I understand how we could fall into traditional roles through this method of choosing our tasks by preference. But this IS where the talking and checking in comes in for us. We have to stay in conversation about what's working and what's not, always with the primary goal of expanding the experience of family time, personal time, and financial responsibility for EACH of us, equally.
I am always disappointed when I see the focus on nitpicking that comes up around ESP conversations - AND I want to reassure those inclined that they CAN, in fact, practice happy ESP life and still hold on to/not have to do specific tasks that are currently working as less-than-equal in their relationships. It works great for us that way.
Most importantly, YEAY!! for your guest post on Motherlode! Just read it and it is a fabulous rebuttal to all of the misguided assumptions about ESP out there - thank you! (should have read it before my last comment, really, since you basically say all that there in that guest blog post :-D)

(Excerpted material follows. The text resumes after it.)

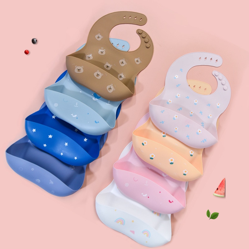 Детские нагрудники с мультяшными животными, водонепроницаемые Мягкие силиконовые нагрудники с принтом для кормления мальчиков и девочек, регулируемый детский нагрудник, фартук
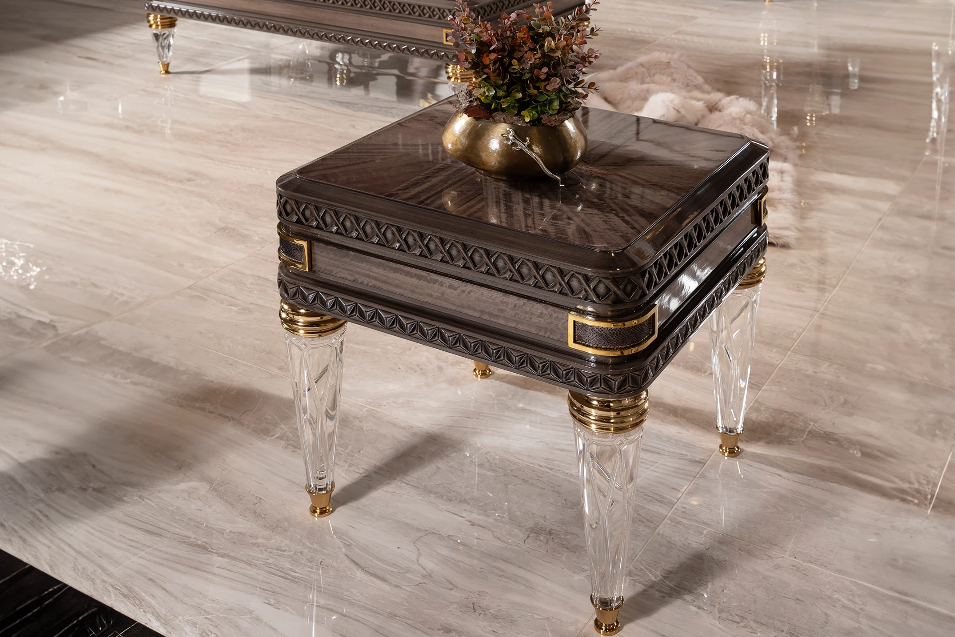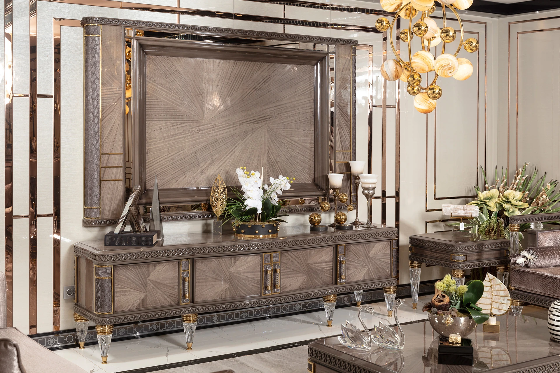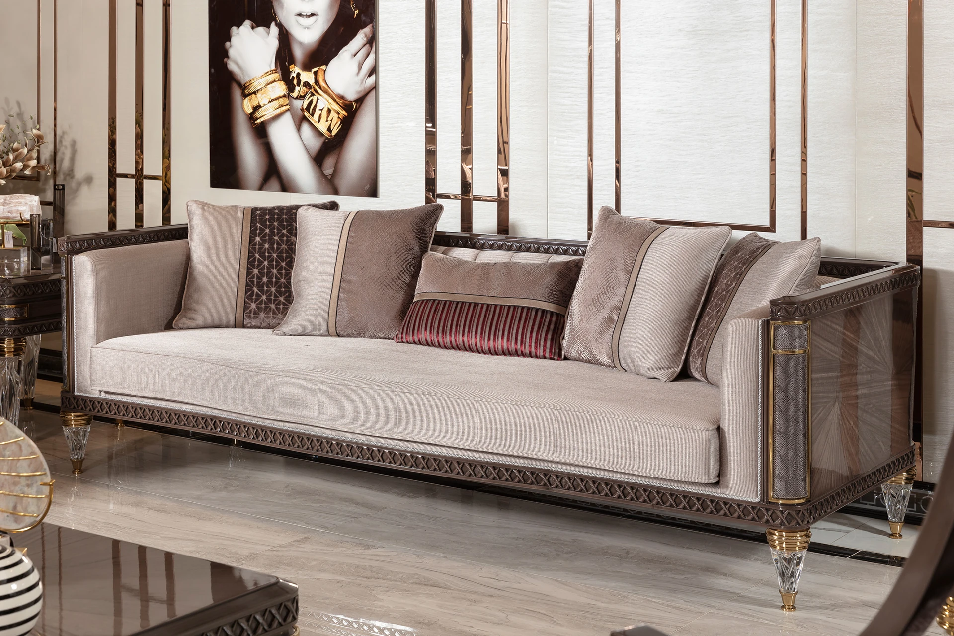 The Soprano sofa set from the classic collection exudes sophistication and luxury. Crafted with meticulous attention to detail, this set features elegant seating with plush cushioning for exceptional comfort. The sofas are adorned with intricate wood accents and stylish upholstery, creating a statement piece for any living room. The armchairs complement the ensemble with their refined design, adding a regal touch. The coffee table, with its polished surface and carved legs, ties the set together, providing a perfect balance of function and style. This ensemble offers an inviting atmosphere for relaxation and gatherings.

Many thanks, as always, for your comments. I can't tell you how much it means to me to hear that a couple can successfully do this, that women do not have to worry about giving up their economic autonomy, that children can have the benefit of a dad fully engaged and helping them with their lives.
I only wish there were more men willing to do this, less discrimination against women in earning, and less discrimination against men who attend to their family responsibilities.
Thank you for this Article. Fathers’ right to be a meaningful part of their childrens’ lives, have been eroded to the point of non-existence. My research suggests that this is a phenomenon consistent throughout the industrialized nations. Children who are alienated from their fathers are more likely later in life to have emotional/behavioral problems, suffer from depression, drop out of school, fail in their jobs, and suffer from other social problems. I invite you to visit my site devoted to raising awareness on this growing problem: http://fathersprivilege.blogspot.com/
Yea Marc! Bust those myths! Shoot, we're too busy to waste time keeping score over here. In fact, I would say sharing everything has made both of us more grateful to the other and more sensitive and motivated about doing our share. Cultural stereotypes die hard though - even our close friends who know how we operate default into calling or emailing me first for anything related to our daughter. I just include my husband on the next email or call and move on.
Author, This is Not How I Thought It Would Be: Remodeling Motherhood To Get the Lives We Want Today
Really there is too much to do, and so little time to do it that as long as both parents are doing something then you're just wasting valuable time if you're keep score.
As I read the passage about societal presumptions the local childcare came to mind, who are constantly saying "can you tell your wife..." when it is me who takes care of most of the childcare related things.
Great post, and I'm eagerly awaiting the arrival of your book in the post!
Bummer that you call your site "father's privilege" If you had said, father's role, or something less presumptuous you might get my interest. I think we're all done with men trying to assert privilege just by being men (and women as well in their role as mothers). That's what I suspect Equally Shared Parenting is all about. No room for superiority complexes here.